Oleh karena itu, pemerintah daerah menyambut baik kehadiran IPSKA yang dinilai dapat memperkuat pelayanan ekspor sekaligus meningkatkan peran daerah dalam aktivitas perdagangan internasional.
“Alhamdulillah dengan adanya IPSKA ini, pemerintah daerah sangat bersyukur dan menyampaikan terima kasih kepada Kementerian Perdagangan. Kami berharap ke depan daerah dapat memberikan hasil yang terbaik dan memperoleh manfaat yang lebih besar dari aktivitas ekspor yang dilakukan,” tuturnya.
Di tempat yang sama, Kadis Perindag Morowali, Amir Aminuddin menilai, keberadaan IPSKA akan memberikan dampak positif terhadap pertumbuhan ekonomi di Kabupaten Morowali.
Menurutnya, kemudahan pengurusan SKA di Morowali akan mendorong peningkatan aktivitas ekspor berbagai komoditas unggulan daerah, karena selama ini, sejumlah produk ekspor dari Morowali harus melalui proses administrasi di luar daerah untuk memperoleh dokumen tersebut.
“Dengan hadirnya IPSKA di Morowali, pelaku usaha kini dapat mengurus dokumen ekspor secara lebih cepat dan efisien. Kondisi tersebut diharapkan mampu meningkatkan volume ekspor sekaligus memperkuat daya saing produk asal Morowali di pasar global,” terangnya.

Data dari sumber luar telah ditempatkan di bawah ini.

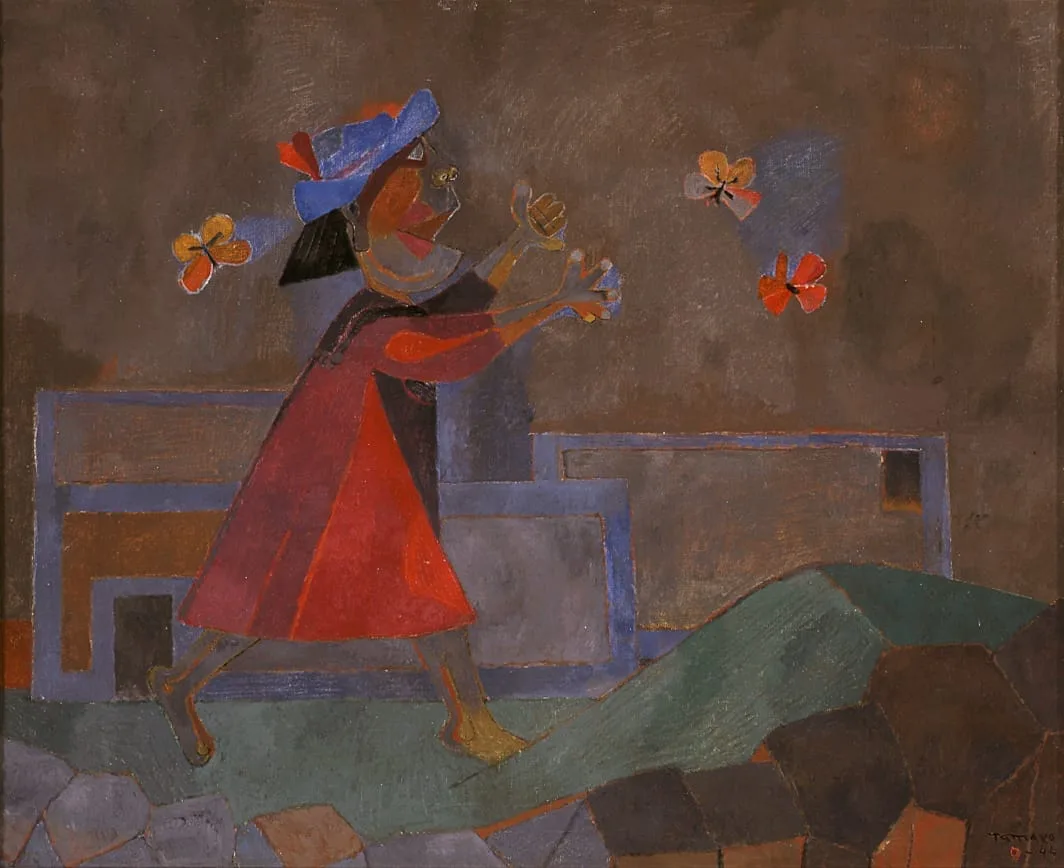 In Butterfly Hunter, Tamayo plays with geometric shapes to develop the form of his figure and her surroundings. The girl, wearing a dress composed of a triangular prism, runs after the butterflies amid a landscape of angular rocks and stacked rectangles suggesting a group of nearby buildings. The girl reaching out to catch the fluttering creatures introduces movement into the scene, which works with the painting’s colors and shapes to engender a sense of vibrant dynamism—an increasing concern for Tamayo during this period.

Ia berharap, dengan status baru Morowali sebagai IPSKA dapat dimanfaatkan secara maksimal oleh pelaku usaha sehingga mampu memperkuat posisi daerah sebagai salah satu pusat industri dan ekspor di Sulawesi Tengah.
“Harapan kita tentu ekspor dari Morowali semakin meningkat dan pelayanan kepada pelaku usaha semakin baik. Pada akhirnya hal ini akan berdampak positif terhadap pertumbuhan ekonomi daerah dan kesejahteraan masyarakat,” harapnya.